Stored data

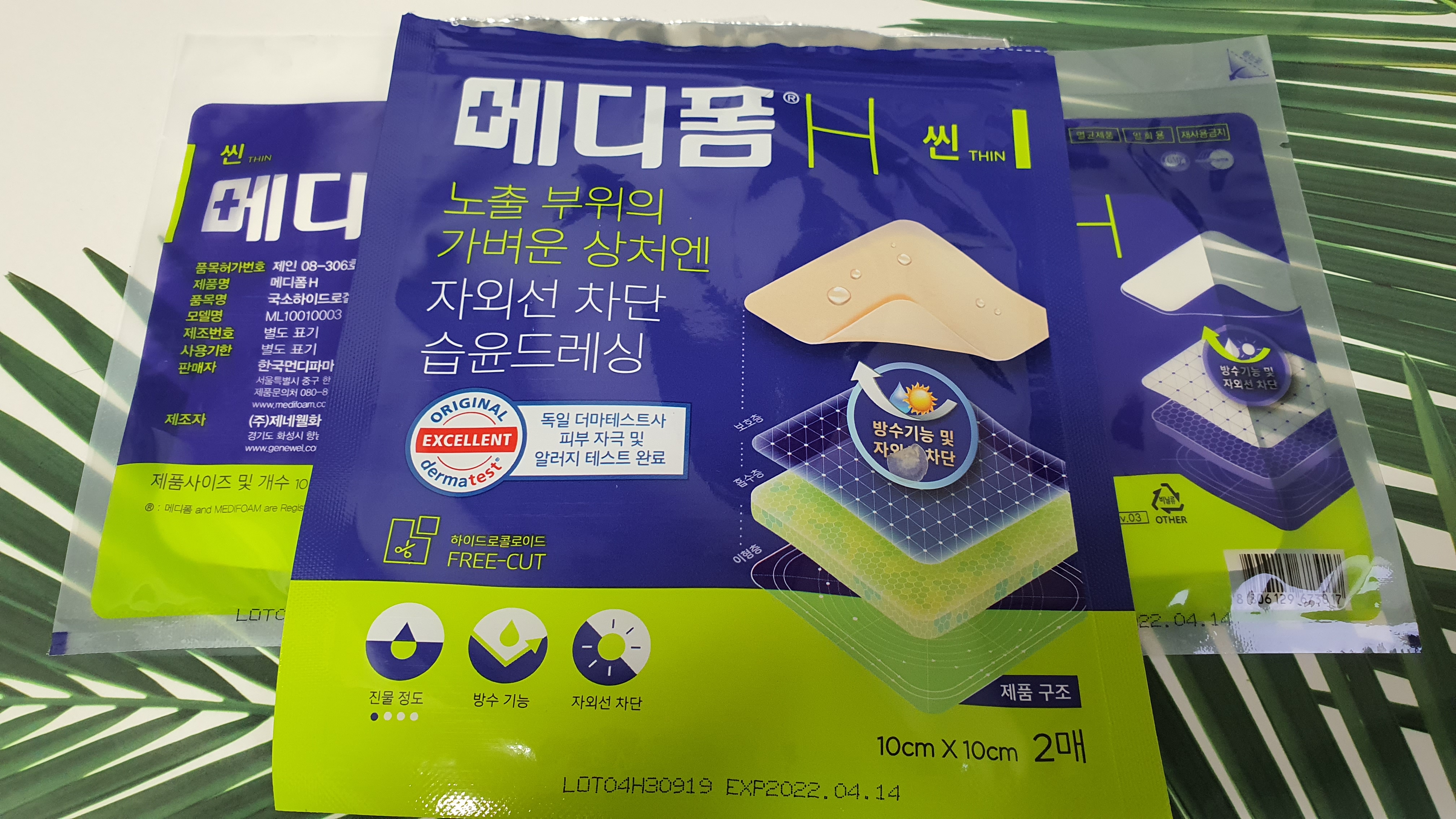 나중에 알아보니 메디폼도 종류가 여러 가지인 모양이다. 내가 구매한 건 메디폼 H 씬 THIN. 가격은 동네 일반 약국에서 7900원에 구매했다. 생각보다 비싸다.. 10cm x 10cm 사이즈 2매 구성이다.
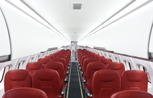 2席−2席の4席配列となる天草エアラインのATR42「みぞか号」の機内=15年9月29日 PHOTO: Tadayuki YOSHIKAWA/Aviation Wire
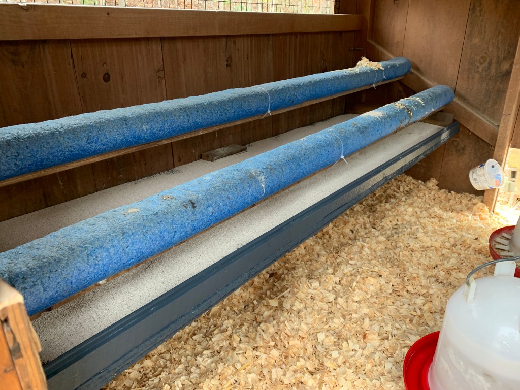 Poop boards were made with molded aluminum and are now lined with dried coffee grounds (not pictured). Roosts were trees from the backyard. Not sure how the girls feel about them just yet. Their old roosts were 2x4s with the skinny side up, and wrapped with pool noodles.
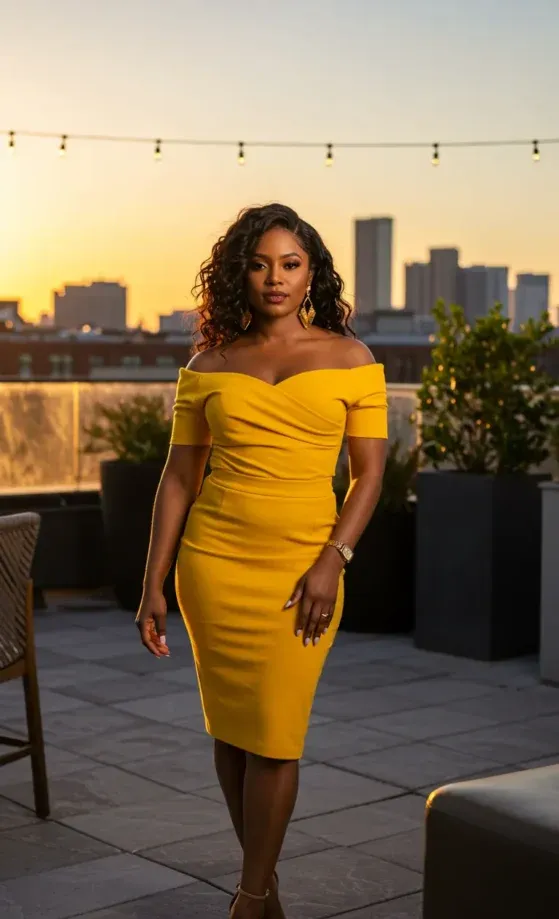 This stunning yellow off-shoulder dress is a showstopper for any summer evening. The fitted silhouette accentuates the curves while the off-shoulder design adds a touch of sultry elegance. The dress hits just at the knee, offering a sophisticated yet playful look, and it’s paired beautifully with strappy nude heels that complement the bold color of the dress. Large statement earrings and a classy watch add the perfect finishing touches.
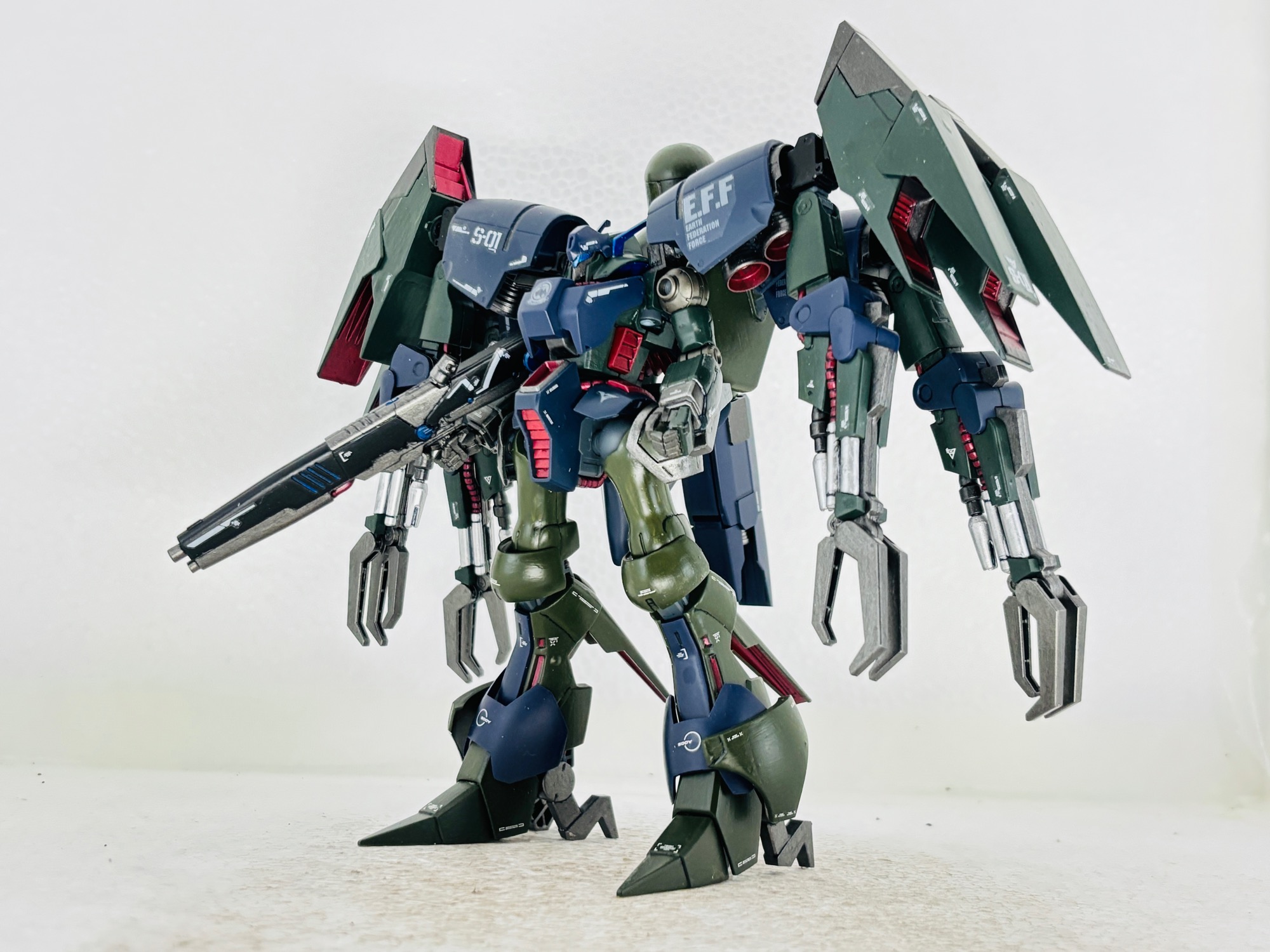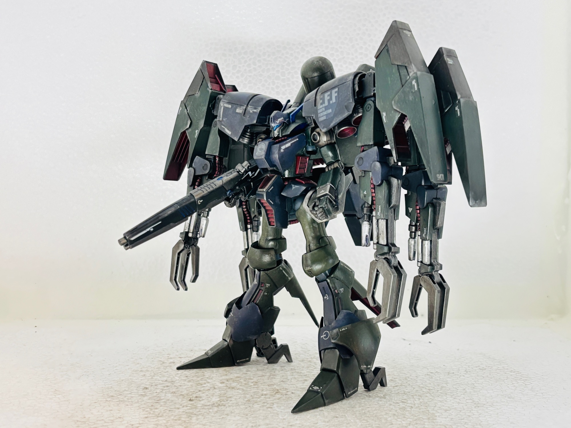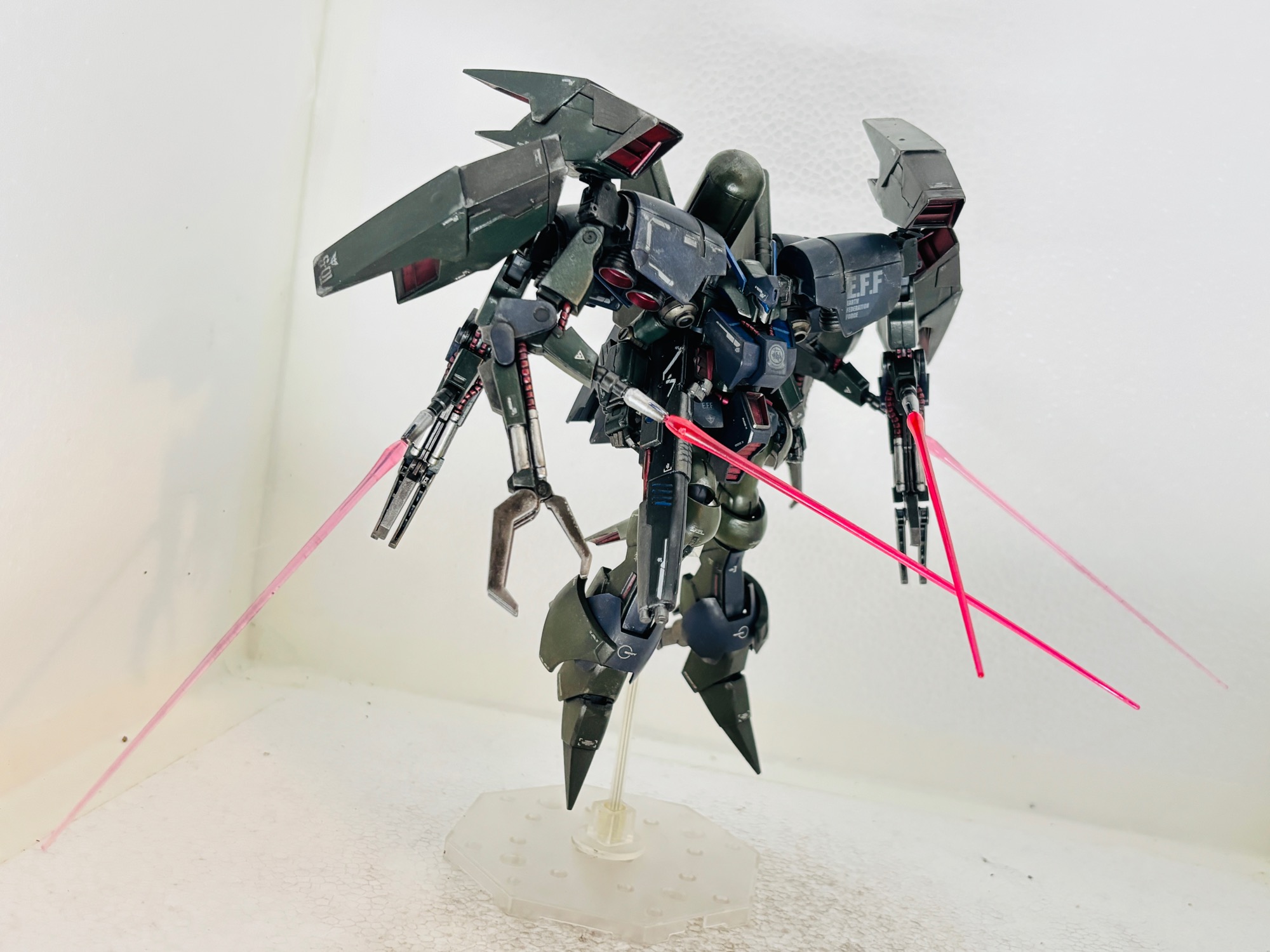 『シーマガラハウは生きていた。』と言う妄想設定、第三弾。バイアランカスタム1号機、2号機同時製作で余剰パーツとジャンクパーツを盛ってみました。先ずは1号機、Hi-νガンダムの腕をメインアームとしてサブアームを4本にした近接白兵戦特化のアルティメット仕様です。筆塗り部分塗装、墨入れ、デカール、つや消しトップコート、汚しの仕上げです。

## YOUR OBJECTIVE
The response should be the lines from the one containing "2席−2席の4席配列となる天草エアラインのATR42「みぞか号」の機内=15年9月29日 PHOTO: Tadayuki" through the final line of the records, reproduced exactly and with every picture left out.

## ANSWER
 2席−2席の4席配列となる天草エアラインのATR42「みぞか号」の機内=15年9月29日 PHOTO: Tadayuki YOSHIKAWA/Aviation Wire
 Poop boards were made with molded aluminum and are now lined with dried coffee grounds (not pictured). Roosts were trees from the backyard. Not sure how the girls feel about them just yet. Their old roosts were 2x4s with the skinny side up, and wrapped with pool noodles.
 This stunning yellow off-shoulder dress is a showstopper for any summer evening. The fitted silhouette accentuates the curves while the off-shoulder design adds a touch of sultry elegance. The dress hits just at the knee, offering a sophisticated yet playful look, and it’s paired beautifully with strappy nude heels that complement the bold color of the dress. Large statement earrings and a classy watch add the perfect finishing touches.
 『シーマガラハウは生きていた。』と言う妄想設定、第三弾。バイアランカスタム1号機、2号機同時製作で余剰パーツとジャンクパーツを盛ってみました。先ずは1号機、Hi-νガンダムの腕をメインアームとしてサブアームを4本にした近接白兵戦特化のアルティメット仕様です。筆塗り部分塗装、墨入れ、デカール、つや消しトップコート、汚しの仕上げです。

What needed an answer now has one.